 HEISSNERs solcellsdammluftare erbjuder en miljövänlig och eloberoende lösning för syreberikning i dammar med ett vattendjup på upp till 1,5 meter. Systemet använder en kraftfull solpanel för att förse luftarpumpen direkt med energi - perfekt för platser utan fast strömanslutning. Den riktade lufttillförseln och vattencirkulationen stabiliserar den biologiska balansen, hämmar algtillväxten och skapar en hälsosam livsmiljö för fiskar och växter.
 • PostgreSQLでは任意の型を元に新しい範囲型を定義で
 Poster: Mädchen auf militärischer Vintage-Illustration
━━━━━━━━━━━━━━━━━━━━━━━━━━━━━━
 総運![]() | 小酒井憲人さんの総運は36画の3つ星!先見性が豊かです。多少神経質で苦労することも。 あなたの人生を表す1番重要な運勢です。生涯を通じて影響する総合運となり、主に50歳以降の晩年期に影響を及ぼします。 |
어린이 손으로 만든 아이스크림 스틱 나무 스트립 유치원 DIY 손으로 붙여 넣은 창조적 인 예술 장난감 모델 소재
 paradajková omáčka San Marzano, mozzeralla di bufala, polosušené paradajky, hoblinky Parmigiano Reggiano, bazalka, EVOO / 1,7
━━━━━━━━━━━━━━━━━━━━━━━━━━━━━━
A word-for-word copy of the lines above from the one with "어린이 손으로 만든 아이스크림" through the one with "paradajková omáčka San", inclusive, is the only output wanted.

어린이 손으로 만든 아이스크림 스틱 나무 스트립 유치원 DIY 손으로 붙여 넣은 창조적 인 예술 장난감 모델 소재
 paradajková omáčka San Marzano, mozzeralla di bufala, polosušené paradajky, hoblinky Parmigiano Reggiano, bazalka, EVOO / 1,7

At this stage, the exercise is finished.